Miren esta imagen. Las mujeres de los lados son las principales dirigentes del PP en Lanzarote. A la derecha Ástrid Pérez, presidenta; a la izquierda Saray Rodríguez, la joven secretaria general.
En el centro, un supuesto invitado. Ni más ni menos que el Subsecretario de Estado de Industria. Un muchacho que llegó de Madrid (con su banderita española adornando la muñeca, tan castiza, tan mesetaria), por mucho que se empeñe en recalcar que él también es canario. Fíjense en su seguridad, en su lozanía, en las ganas que le pone a la foto. Y compárelo con la cara de incomodidad de Saray, o con la de triste resignación de Ástrid. Aunque diga que es canario, se nota que él no vive aquí y, sobretodo, que no sufre lo que sufren las mujeres que lo flanquean.
Dije antes que se trata de un invitado «supuesto». Porque habitualmente a los invitados se les recibe con ánimos, con alborozo, máxime cuando es un alto dirigente de un partido españolista que llega de los Madriles. Pero este, mano derecha de Soria, no es sino un rostro más del cáliz que no se aparta de los dirigentes del PP canario en general y del lanzaroteño en particular.
Porque Saray, antes, era una piba que sonreía mucho. Pero ahora mírenla, recibiendo a los invitados con cara de Señorita Rotenmeyer, observado de reojo, desafiante, a su mentora Ástrid, como diciendo: «tú no me contaste que esto sería así, que hasta mis amiguitas de la facultad de derecho me reprocharían lo del petróleo. Que ni mi alcalde vendría a este acto, porque hasta él, que también es pepero, está en contra de esta locura (o al menos eso dice, porque si no nadie nos va a votar en un año). ¿Este es el prometedor futuro político del que me hablaste?». Su cara es la del reproche de un niño que, a las 4 de la tarde, aun no ha comido porque sus padres son de esos modernos que andan entretenidos tomándose una cerveza con amigos. Pareciera que en cualquier momento vaya a patalear.
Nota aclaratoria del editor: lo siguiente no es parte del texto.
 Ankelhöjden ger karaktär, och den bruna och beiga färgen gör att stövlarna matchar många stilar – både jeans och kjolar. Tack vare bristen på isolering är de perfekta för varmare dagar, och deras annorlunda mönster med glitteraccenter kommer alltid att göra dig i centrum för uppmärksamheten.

Pero para rostro amargo el de Ástrid, la mujer de la derecha. Años intentando montar un partido con implantación en Lanzarote, a pesar de las presiones de Soria, que nunca la quiso, y de las dificultades de aglutinar a la derecha sociológica lanzaroteña (que, mientras tuvo poder, siempre optó por el insularismo de Dimas y los suyos). Y cuando estaba a punto de conseguirlo le cae esto encima. Debe ser insoportable tener que defender cada día a unos jefes casi captores, como el de en medio, que anteponen el interés de Repsol al de tu tierra, tu isla, tus votantes y hasta tu partido. Por eso ella mira resignada, esperando que el de en medio cambie, que todo cambie, que todo esto sea un mal sueño…
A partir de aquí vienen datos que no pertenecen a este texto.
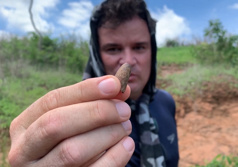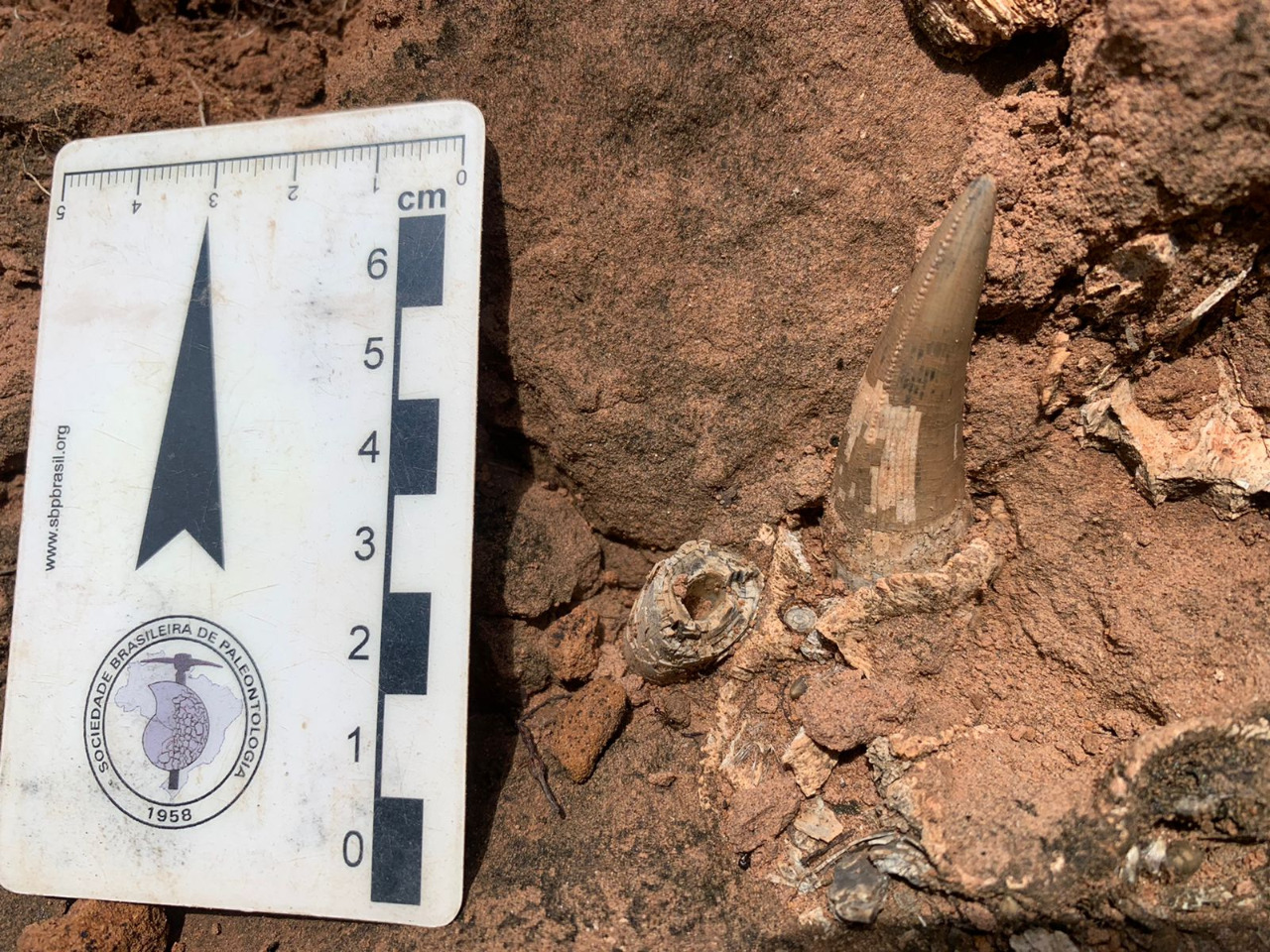 “Isso indica que, possivelmente, tem um crânio dentro do bloco rochoso ou talvez grande parte do esqueleto. Pelo tipo de dente, é um Baurussuquideos que viveu por aqui há 80 milhões de anos”, cravou.

Pobre Ástrid. Porque miren por último al del centro. Por su gesto se nota que no se arrepiente de nada, que está encantado de conocerse, y de haber conocido a Soria, y a Repsol. Que está dispuesto a llevar a sus acompañantes al matadero político y al desprestigio popular con tal de defender a esa multinacional con la que, parece decirlo también su cara, ya está todo más que hablado. Por la mirada y la sonrisita, en medio de tanta desolación, podría llegar uno a creer que se regocija en el dolor de quienes le flanquean. Da la impresión de que no le importa haberlas convertido ya en cadáveres políticos, incapaces de llegar a acuerdos con nadie, alejadas no solo del poder en la isla, sino de la isla misma, perdiendo mucho más que votos, con gente que les grita que se vayan, que nos dejen vivir…
A estos últimos, los del «no al petróleo», dirige ahora Ástrid sus críticas, tratándolos de intolerantes, diciendo que se ha sentido amenazada. Es la nueva estrategia. Pero ojalá todo fuera tan fácil. Ojalá fuesen otros quienes amenazan su futuro político y no quienes se sientan a su mesa.
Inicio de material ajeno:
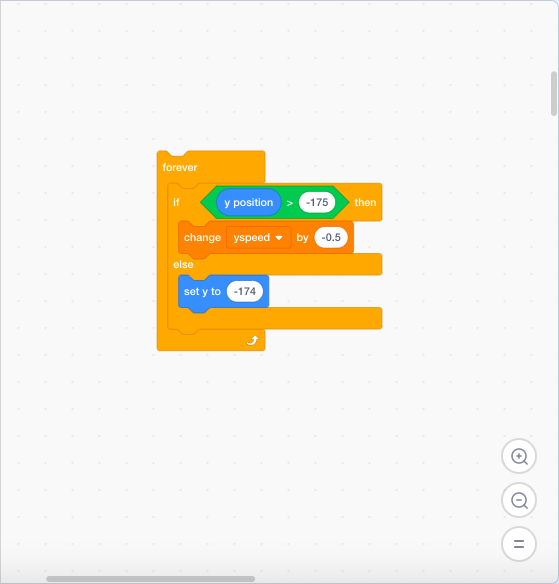 Here, we are simulating free fall by setting the rate of change of yspeed to be -0.5. You may alter this value as you see fit to customise the speed of your ball, but do make sure it’s negative so that gravity acts downwards instead of upwards.

Viendo a las dos mujeres a uno le dan ganas de echarles una mano. De sacarlas de ahí, de devolverlas a la vida. A los tiempos en que Saray sonreía, Ástrid se sentía feliz haciendo crecer un partido y la mancha petrolera no les había caído encima, a ellas y a todos.
Y lo haríamos, si no fuese porque estamos demasiado preocupados por el resto: por los millones de canarios que no se sientan a ninguna de esas mesas, pero que quieren un futuro digno y limpio; que no se resignan a que el muchacho de Madrid les fastidie la tierra y la vida.
Por eso ellas dan tanta pena, porque no sabes muy bien qué es peor. Si que «los suyos» las lleven por el camino del suicidio político o que, quienes presuntamente estamos en contra de ellas, no podamos evitarlo.
P.S.: Ánimo. Aún no es tarde. Únanse a su pueblo.